Thomas Zander zander at kde.org
Sun Oct 2 10:07:29 BST 2011


> I mean, the profile can be changed by switching Activities, so what is the
> technical reason it cannot be done by the user directly? The reason I'm
> concerned is that it takes concepts (power management policy, current
> Activity) which, although related, are orthogonal and then artificially
> combines them.

As I understand the reasons for all those questions is the same; its a natural 
fit.
I'm not sure why you wrote they are orthogonal as the two concepts are 
perfectly in line as far as I can tell.

I've always had a slightly different take on activities, one that has not 
really been advertised as such, maybe my view may make the relation between 
power profiles and activities a bit more clear.
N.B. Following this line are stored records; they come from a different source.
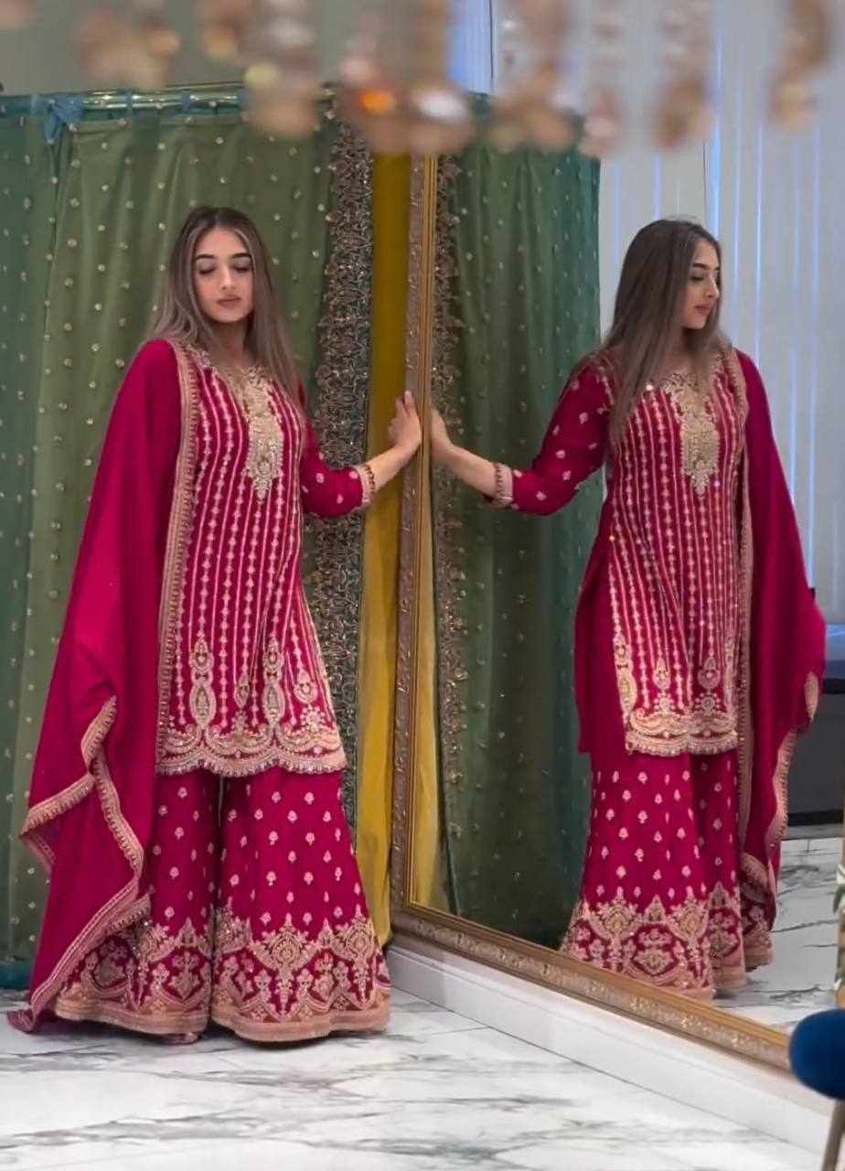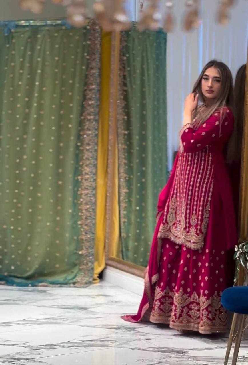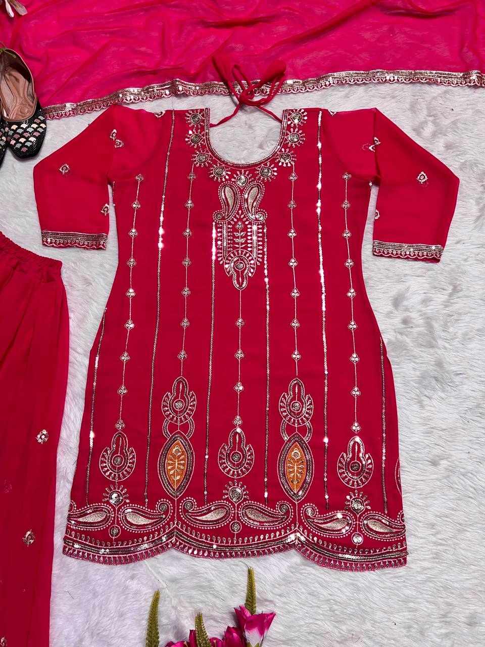 Top Fabric: Heavy Faux Georgette with Heavy 5mm Embroidery Sequence Work with Full Sleeve
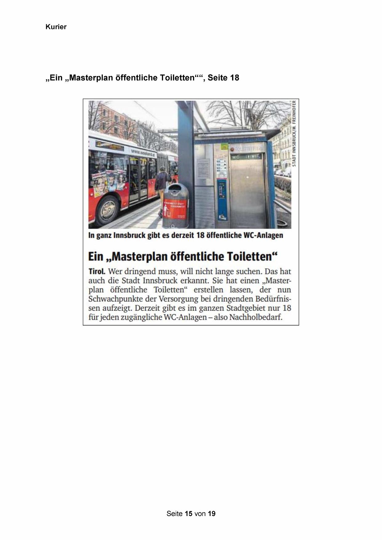 auch die Stadt Innsbruck erkannt. Sie hat einen „Masterplan Öffentliche Toiletten“ erstellen lassen, der nun
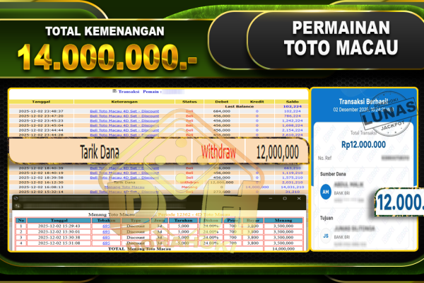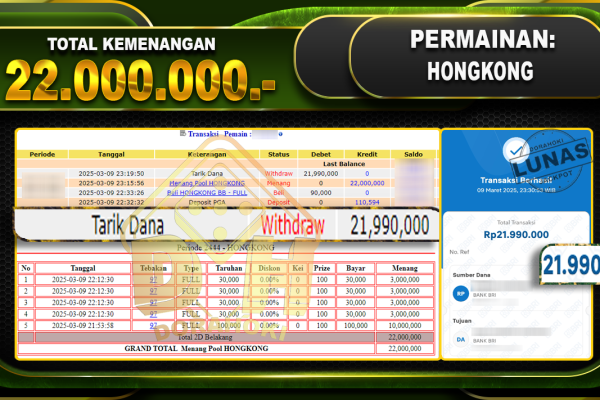 Bukti JP TRIPLE POT GOLD – ucapkan selamat kepada user id DEDxxx atas kemenangan di TRIPLE POT GOLD dengan total kemenangan Rp.11.538.155,- . Yang pasti nya langsung LUNAS sesuai bukti ya bosku. Dorahoki nih bosku berapapun akan tetap kami bayar lunas ya bosku.
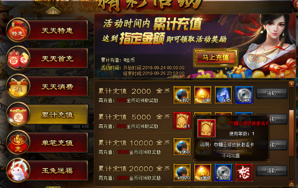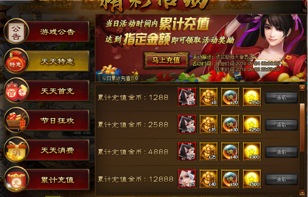 活动内容:活动期间单日累计充值达到指定金额即可领取丰厚奖励,奖励每日重置。

In KDE we reached a point where various technologies needed to 'guess' what 
the user was doing.  You can see this go back as far as the kde3 app that 
allowed you to register how much time you spent on some tasks. Excellent 
tool  for consultants ;) It had a setting that started/stopped the clock based 
on the virtual desktop.
Later we got nepomuk which makes different relations and data structures 
based on some settings.
We got an offline mode in kdepim. Which later evolved into an offline mode in 
the network manager, which later evolved into the offline mode in solid.
We have power-management profiles.
There is a way for apps to say they are in 'presentation mode' so the 
screensaver doesn't kick in.  

All these settings *can* be managed individually, but you probably know that 
most users don't want do make those settings manually, everytime something 
changes.
Anyone that is in a company with plenty of meetings knows that people don't 
turn off their screensaver or their ICQ/jabber when doing a presentation.

So the way I see activities is that you can map a lot of those settings that 
are frankly all over the place onto a real-world activity.
Plasma added a nice user interface for it and things suddenly became more 
consistent.

So to go back to the initial point, in my view the power management and the 
activities concept are not at all orthogonal, its a natural evolution.